:: Required action ::
Write out the lines of the material below exactly, beginning at the line with "Двухсторонний плед с" and stopping after the line with "Timeless boucle takes", and leave out the pictures.

:: Entries provided ::
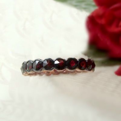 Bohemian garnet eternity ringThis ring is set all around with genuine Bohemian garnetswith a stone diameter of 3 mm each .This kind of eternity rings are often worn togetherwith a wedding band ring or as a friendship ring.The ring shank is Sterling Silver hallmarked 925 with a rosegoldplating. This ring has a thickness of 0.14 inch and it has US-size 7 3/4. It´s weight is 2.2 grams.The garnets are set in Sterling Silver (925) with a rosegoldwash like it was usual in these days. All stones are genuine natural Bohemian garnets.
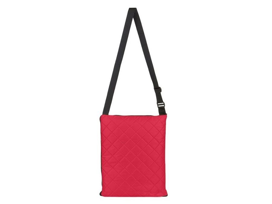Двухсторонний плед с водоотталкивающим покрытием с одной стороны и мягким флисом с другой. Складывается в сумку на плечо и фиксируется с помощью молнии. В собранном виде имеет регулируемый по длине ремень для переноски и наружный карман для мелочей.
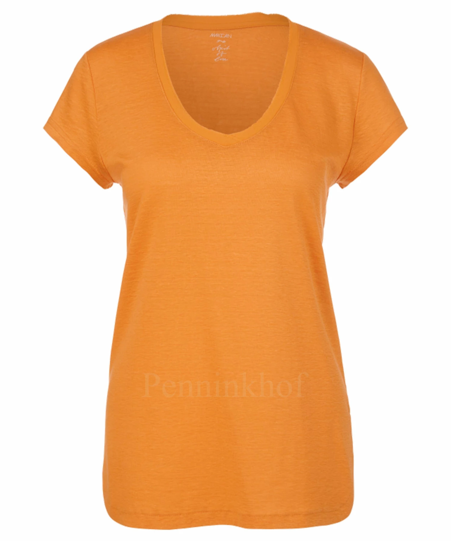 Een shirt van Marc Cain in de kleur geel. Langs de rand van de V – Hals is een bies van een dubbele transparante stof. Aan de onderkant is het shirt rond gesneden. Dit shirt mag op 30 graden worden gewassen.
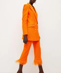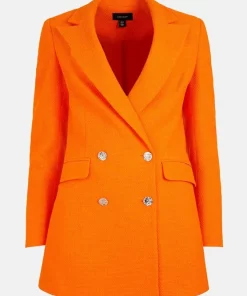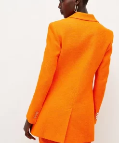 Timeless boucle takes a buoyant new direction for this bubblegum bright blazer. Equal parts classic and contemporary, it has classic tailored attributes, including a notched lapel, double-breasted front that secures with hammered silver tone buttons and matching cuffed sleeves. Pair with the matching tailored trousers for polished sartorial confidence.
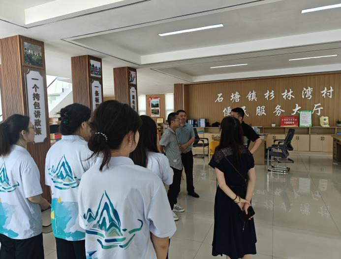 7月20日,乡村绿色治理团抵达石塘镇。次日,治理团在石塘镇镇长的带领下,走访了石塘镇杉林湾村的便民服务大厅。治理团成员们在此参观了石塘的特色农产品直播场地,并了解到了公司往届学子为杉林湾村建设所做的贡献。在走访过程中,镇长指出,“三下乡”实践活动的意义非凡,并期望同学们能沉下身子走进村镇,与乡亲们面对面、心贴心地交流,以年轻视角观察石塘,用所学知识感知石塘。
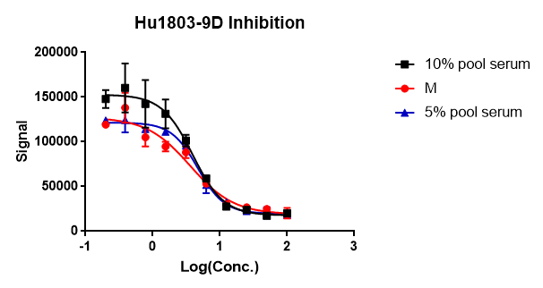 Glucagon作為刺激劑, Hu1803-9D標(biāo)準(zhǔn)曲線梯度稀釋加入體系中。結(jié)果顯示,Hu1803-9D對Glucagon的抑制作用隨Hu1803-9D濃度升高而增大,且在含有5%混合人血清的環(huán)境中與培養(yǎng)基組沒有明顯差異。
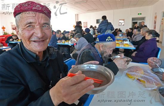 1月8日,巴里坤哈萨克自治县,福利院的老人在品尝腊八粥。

...

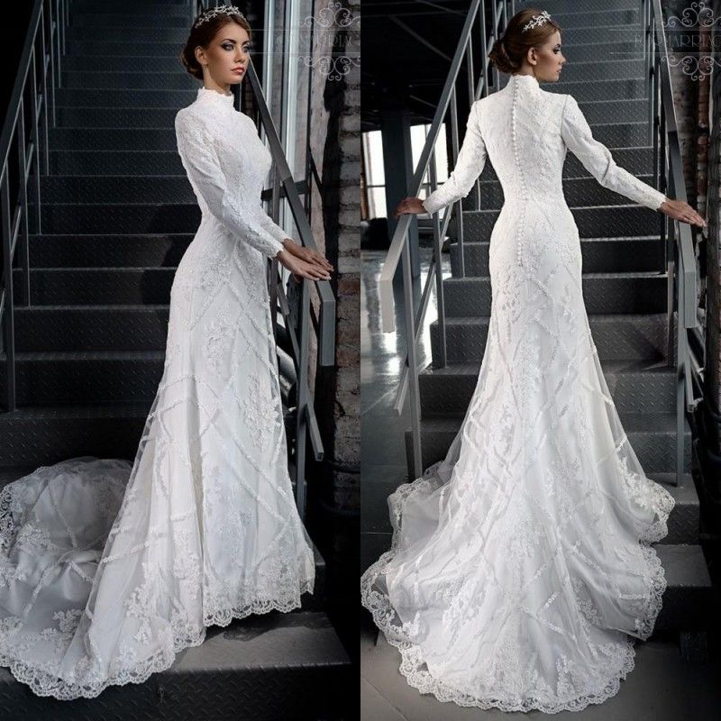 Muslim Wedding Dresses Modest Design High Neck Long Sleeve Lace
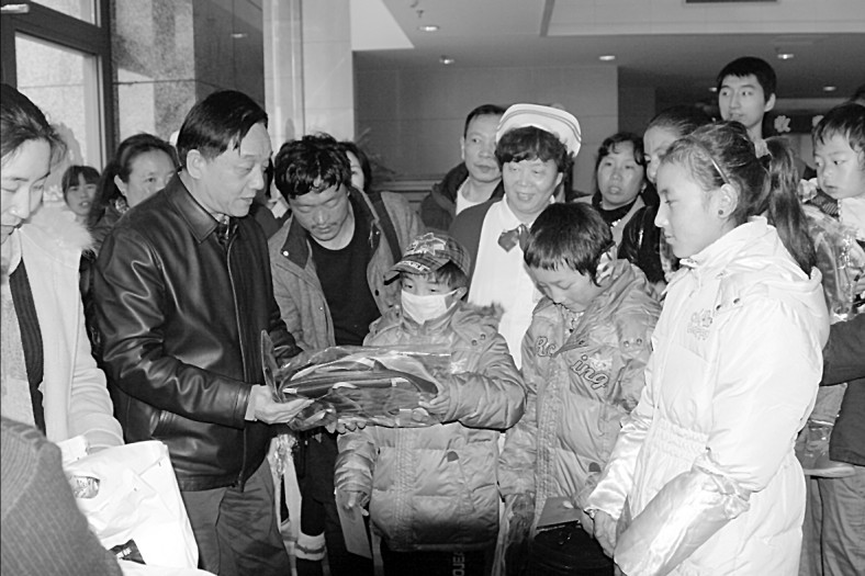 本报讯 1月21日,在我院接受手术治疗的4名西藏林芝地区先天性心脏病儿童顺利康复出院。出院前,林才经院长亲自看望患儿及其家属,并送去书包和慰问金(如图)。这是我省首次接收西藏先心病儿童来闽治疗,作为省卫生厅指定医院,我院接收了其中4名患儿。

* * *

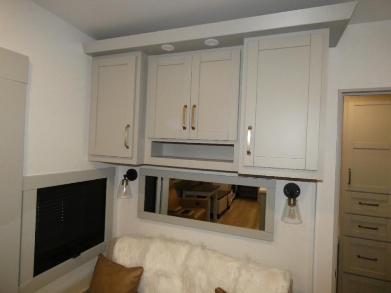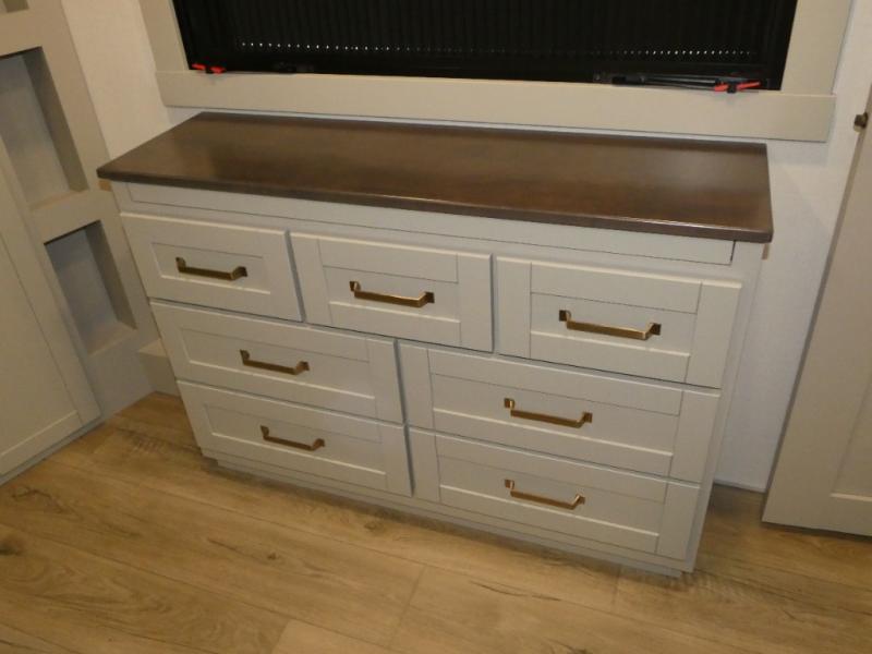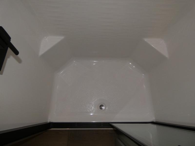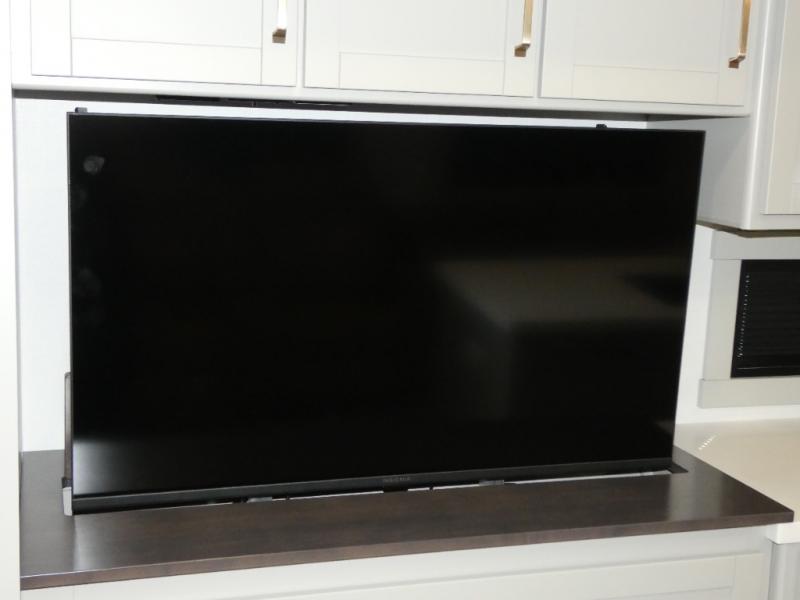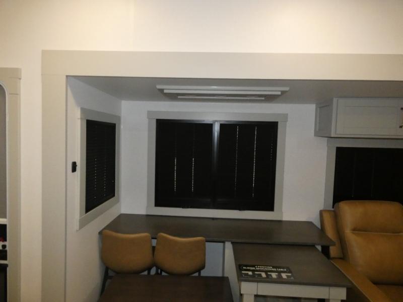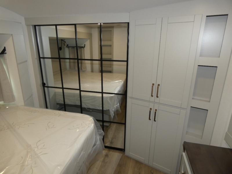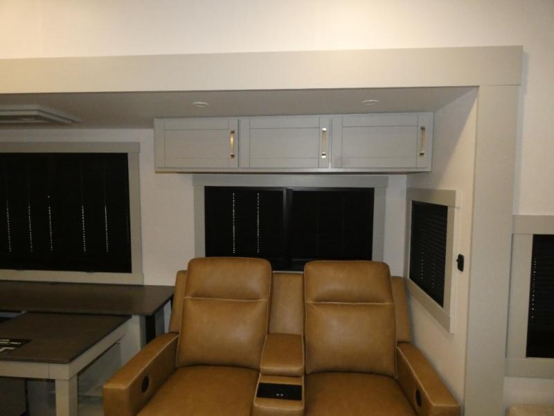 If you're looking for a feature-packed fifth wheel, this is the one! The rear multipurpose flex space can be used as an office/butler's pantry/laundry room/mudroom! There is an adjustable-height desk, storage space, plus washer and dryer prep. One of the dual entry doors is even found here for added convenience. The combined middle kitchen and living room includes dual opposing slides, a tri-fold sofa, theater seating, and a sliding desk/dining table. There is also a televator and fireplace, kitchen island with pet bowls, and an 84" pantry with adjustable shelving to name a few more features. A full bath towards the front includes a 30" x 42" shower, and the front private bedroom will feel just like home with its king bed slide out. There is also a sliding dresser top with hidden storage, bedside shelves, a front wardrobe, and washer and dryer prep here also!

:: Response area ::
Двухсторонний плед с водоотталкивающим покрытием с одной стороны и мягким флисом с другой. Складывается в сумку на плечо и фиксируется с помощью молнии. В собранном виде имеет регулируемый по длине ремень для переноски и наружный карман для мелочей.
 Een shirt van Marc Cain in de kleur geel. Langs de rand van de V – Hals is een bies van een dubbele transparante stof. Aan de onderkant is het shirt rond gesneden. Dit shirt mag op 30 graden worden gewassen.
 Timeless boucle takes a buoyant new direction for this bubblegum bright blazer. Equal parts classic and contemporary, it has classic tailored attributes, including a notched lapel, double-breasted front that secures with hammered silver tone buttons and matching cuffed sleeves. Pair with the matching tailored trousers for polished sartorial confidence.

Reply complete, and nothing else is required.